9.General Provisions.

(a)Tax Withholding.  The Company and any of its Subsidiaries are authorized to withhold from any Award granted, or any payment relating to an Award under this Plan, including from a distribution or issuance of Stock, amounts of withholding and other taxes due or potentially payable in connection with any transaction involving an Award, and to take such other action as the Company may deem advisable to enable the Company, its Subsidiaries and Participants to satisfy obligations for the payment of withholding taxes and other tax obligations relating to any Award.  The Committee shall determine, in its sole discretion, the form of payment acceptable for such tax withholding obligations, including, without limitation, the delivery of cash or cash equivalents, Stock (including previously owned shares, net settlement, a broker-assisted sale, or other cashless withholding or reduction of the amount of shares otherwise issuable or delivered pursuant to the Award), other property, or any other legal consideration the Committee deems appropriate; provided however, any Participant may elect to pay taxes with shares of Stock through net settlement or previously owned shares.  If such tax obligations are satisfied through the withholding of shares of Stock that are otherwise issuable to the Participant pursuant to an Award (or through the surrender of shares of Stock by the Participant to the Company), the number of shares of Stock that may be so withheld (or surrendered) shall be limited to the number of shares of Stock that have an aggregate Fair Market Value on the date of withholding or repurchase equal to the aggregate amount of such tax liabilities determined based on the applicable minimum statutory withholding rates for federal, state, foreign and/or local tax purposes, including payroll taxes, or other withholding rate as determined by the Committee in its discretion if determined not to be detrimental to the Company or Participant.

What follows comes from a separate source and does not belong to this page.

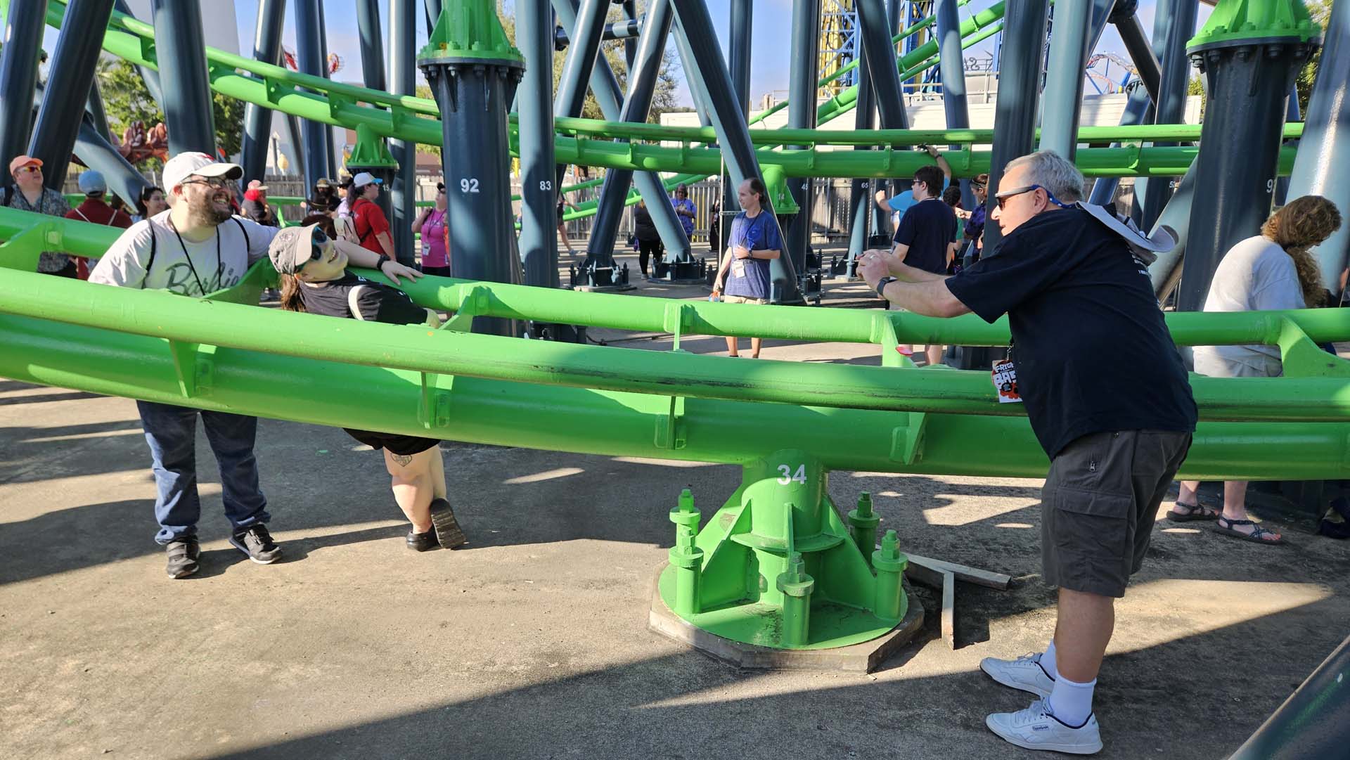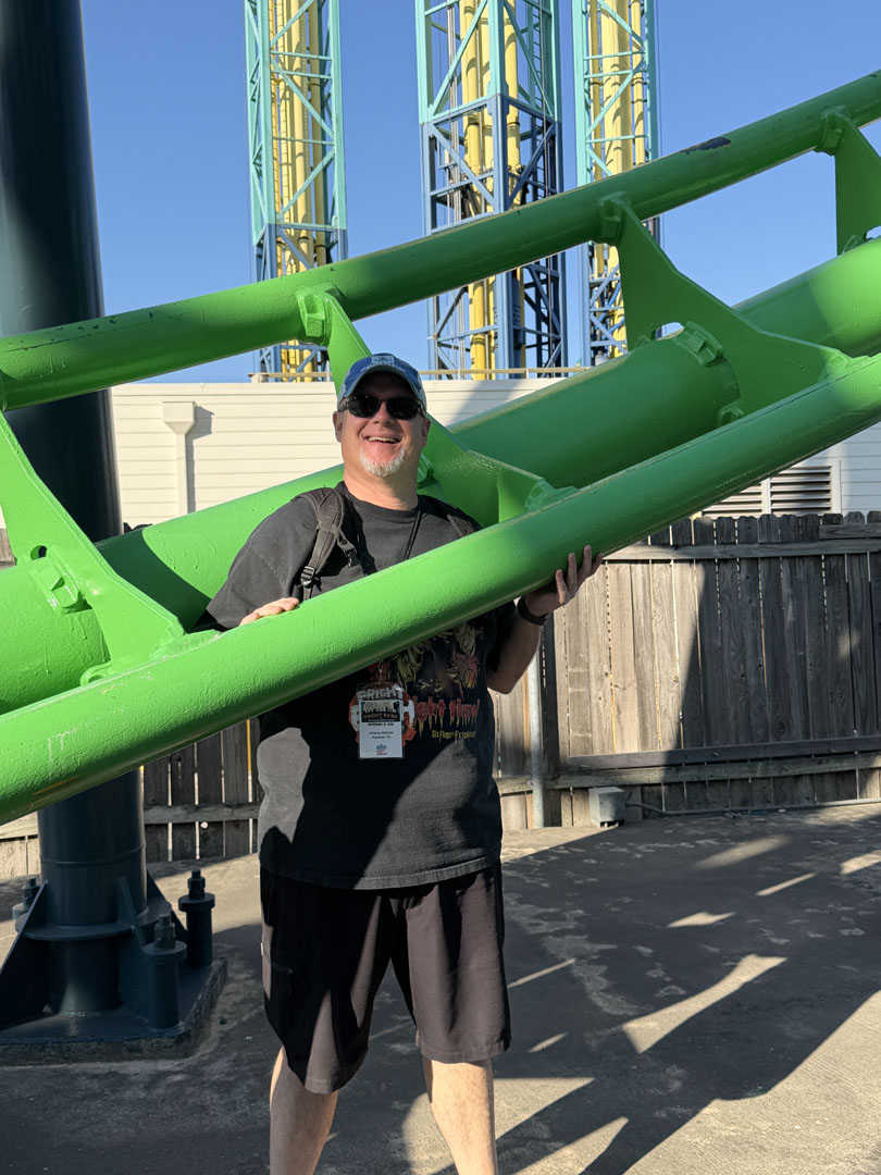 Following the morning check-in, the group headed into the park for the first perk. Who doesn’t love an up-close and personal interaction with a coaster’s supports and track? ACEers were clamoring to find the best angles and create the funniest poses under the spaghetti bowl of Poltergeist, the Premier Rides launched coaster.

(b)Limitation on Rights Conferred under Plan.  Neither this Plan nor any action taken hereunder shall be construed as (i) giving any Eligible Person or Participant the right to continue as an Eligible Person or Participant or in the employ or service of the Company or any of its Subsidiaries, (ii) interfering in any way with the right of the Company or any of its Subsidiaries to terminate any Eligible Person’s or Participant’s employment or service relationship at any time, (iii) giving an Eligible Person or Participant any claim to be granted any Award under this Plan or to be treated uniformly with other Participants and/or Employees 

and/or other service providers, or (iv) conferring on a Participant any of the rights of a stockholder of the Company unless and until the Participant is duly issued or transferred shares of Stock in accordance with the terms of an Award.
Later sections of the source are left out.